Sunday, 18 August 2013

it could be a letter...

Did you know
I wanted little pink ballerina shoes

but you gave me black ones

Did you know
I wanted to play the piano

but your conservatorium days were your dark memory
of scales and scales

you gave me a xylophone
and closed the door

Did you know
I wanted friends
to bring them home
to share

but always you saw the neighbourhood as
a lower class

you would bring me up
the right way

Did you know
I went to church every Sunday
and church groups
and weekend camps
to escape

at least I missed your white gloved hand
checking my dusting skills
on your precious dressing table

Did you know
when Dad died
I hated all those people organising your life
our lives
and never once
did you notice
I missed him
never once 
did you notice
I was there

Did you know
when you died
I saw you
sitting in my car
just sitting there 
behind the wheel
watching me 
as I walked from the classroom

Did you know
I thought you may have come back
to start again

Linking to:
dVerse - Sent With a Stamp


Brian Miller said...

what a cold life...particular for me when the father passed and your own mourning going missed...whata touching end, that they might come back to start again as well...heavy heart...

Cressida de Nova said...

Powerful and authentic poem.Our resilience keeps some of us up and running...a good thing to have!

Mary said...

What a painful poem this is! It doesn't sound like your mother ever understood you at all.
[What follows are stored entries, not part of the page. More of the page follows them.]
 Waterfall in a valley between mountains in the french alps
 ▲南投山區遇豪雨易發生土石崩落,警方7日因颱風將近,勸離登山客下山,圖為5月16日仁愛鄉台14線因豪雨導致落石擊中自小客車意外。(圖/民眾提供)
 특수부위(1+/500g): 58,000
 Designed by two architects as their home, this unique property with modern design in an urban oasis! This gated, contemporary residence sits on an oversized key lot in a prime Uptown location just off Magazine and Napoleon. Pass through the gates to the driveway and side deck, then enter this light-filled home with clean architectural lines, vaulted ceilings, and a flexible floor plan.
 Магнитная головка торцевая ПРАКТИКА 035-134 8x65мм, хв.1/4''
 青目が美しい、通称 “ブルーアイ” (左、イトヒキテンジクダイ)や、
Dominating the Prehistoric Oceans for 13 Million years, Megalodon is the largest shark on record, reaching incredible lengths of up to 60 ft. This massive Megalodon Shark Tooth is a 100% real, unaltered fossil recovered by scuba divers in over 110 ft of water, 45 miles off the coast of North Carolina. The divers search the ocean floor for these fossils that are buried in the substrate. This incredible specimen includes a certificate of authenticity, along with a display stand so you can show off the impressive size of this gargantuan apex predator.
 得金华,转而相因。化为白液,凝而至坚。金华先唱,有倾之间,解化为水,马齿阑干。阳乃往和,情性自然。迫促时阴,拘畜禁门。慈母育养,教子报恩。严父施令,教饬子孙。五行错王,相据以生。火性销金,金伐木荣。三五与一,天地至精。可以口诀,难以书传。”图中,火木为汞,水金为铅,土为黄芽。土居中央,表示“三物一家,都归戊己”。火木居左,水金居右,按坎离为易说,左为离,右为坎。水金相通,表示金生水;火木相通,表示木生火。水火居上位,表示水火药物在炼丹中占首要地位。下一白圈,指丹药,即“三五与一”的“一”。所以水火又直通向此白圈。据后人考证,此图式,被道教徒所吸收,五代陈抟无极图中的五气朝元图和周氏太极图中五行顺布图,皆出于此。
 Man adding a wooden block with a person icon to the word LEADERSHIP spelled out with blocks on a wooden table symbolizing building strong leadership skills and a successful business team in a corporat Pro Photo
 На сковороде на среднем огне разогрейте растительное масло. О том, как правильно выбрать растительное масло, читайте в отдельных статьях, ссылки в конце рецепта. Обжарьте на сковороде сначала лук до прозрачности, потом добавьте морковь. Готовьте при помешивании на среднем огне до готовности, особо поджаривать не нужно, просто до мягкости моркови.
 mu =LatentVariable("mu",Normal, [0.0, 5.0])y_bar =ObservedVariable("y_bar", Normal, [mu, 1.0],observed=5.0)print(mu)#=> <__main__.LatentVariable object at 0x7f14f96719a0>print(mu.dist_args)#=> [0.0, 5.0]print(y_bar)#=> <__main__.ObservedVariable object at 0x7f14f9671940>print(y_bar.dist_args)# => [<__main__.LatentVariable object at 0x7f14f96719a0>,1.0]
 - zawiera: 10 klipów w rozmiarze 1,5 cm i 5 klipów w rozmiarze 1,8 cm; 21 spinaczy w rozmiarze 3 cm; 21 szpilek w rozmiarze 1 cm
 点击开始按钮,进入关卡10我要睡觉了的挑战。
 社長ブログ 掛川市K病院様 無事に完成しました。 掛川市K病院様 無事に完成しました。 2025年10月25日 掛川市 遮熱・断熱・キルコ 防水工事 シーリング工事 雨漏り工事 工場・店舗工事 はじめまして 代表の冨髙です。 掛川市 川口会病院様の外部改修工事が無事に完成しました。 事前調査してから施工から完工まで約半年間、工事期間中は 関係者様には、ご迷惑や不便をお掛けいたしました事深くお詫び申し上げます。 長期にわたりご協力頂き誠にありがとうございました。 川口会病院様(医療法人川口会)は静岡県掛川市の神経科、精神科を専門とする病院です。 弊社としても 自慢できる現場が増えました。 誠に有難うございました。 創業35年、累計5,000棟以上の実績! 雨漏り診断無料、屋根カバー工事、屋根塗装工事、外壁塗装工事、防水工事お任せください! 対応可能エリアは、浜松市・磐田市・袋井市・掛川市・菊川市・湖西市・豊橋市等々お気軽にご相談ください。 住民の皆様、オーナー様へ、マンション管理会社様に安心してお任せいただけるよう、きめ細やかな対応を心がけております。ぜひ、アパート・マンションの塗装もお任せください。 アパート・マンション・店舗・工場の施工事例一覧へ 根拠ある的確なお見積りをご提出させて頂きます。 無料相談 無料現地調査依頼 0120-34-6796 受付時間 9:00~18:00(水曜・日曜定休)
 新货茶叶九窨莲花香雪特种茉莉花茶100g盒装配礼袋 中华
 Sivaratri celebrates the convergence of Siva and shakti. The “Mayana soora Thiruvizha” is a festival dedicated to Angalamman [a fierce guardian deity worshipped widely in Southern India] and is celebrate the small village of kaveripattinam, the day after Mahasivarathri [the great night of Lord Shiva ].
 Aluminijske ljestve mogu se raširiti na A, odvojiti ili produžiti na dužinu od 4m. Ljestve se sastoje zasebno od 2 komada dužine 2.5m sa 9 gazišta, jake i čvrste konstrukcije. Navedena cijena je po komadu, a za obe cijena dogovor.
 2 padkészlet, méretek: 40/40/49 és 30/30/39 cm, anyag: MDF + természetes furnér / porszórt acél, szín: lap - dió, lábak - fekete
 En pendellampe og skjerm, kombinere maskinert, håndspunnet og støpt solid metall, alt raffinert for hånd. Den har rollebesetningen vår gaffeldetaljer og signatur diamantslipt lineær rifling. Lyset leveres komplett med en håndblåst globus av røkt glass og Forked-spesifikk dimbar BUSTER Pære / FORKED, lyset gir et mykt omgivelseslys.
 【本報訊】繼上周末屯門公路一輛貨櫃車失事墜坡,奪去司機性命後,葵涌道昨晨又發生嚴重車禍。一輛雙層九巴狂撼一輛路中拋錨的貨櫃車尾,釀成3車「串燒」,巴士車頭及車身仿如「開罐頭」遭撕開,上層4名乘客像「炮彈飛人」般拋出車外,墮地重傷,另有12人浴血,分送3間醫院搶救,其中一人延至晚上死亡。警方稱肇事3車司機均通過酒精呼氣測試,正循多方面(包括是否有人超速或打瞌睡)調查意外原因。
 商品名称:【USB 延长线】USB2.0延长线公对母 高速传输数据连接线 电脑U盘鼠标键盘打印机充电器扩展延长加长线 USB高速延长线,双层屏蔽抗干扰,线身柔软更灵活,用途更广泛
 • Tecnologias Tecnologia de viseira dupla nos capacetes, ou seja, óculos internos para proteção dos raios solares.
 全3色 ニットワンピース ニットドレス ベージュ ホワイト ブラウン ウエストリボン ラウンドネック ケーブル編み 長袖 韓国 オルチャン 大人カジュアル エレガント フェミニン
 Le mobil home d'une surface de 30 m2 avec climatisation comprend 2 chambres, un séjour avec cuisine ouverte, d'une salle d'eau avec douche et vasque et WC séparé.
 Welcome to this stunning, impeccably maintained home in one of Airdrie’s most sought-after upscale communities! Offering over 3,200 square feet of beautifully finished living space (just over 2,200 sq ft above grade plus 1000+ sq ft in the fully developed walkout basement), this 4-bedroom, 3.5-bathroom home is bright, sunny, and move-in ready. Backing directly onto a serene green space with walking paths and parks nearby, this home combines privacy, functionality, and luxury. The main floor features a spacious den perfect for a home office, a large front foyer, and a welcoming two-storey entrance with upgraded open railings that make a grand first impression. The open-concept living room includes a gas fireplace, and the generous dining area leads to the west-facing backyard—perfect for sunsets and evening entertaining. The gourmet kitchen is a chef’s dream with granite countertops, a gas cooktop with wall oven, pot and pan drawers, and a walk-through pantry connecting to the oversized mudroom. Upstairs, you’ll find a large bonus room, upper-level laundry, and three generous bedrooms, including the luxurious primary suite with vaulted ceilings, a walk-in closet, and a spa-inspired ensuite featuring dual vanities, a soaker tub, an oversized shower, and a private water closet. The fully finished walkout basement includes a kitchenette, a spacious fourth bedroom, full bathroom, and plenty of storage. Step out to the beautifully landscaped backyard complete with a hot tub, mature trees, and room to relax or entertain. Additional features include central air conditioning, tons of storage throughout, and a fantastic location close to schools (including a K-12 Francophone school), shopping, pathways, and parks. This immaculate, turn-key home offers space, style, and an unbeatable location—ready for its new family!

So very sad.

Anonymous said...

oh, this is tough. i hope you can make peace with the past one day- it must have been so hard to write this.
beautiful, raw emotional poem.

Anonymous said...

Gemma- this is a stunning story- in its anger and grief - wow -K

Laurie Kolp said...

What a shame. To see her sitting behind the steering wheel after her death is a fine example of how much she drove your life... oops, I'm talking about my mother (although she's still alive, thank goodness).

Anonymous said...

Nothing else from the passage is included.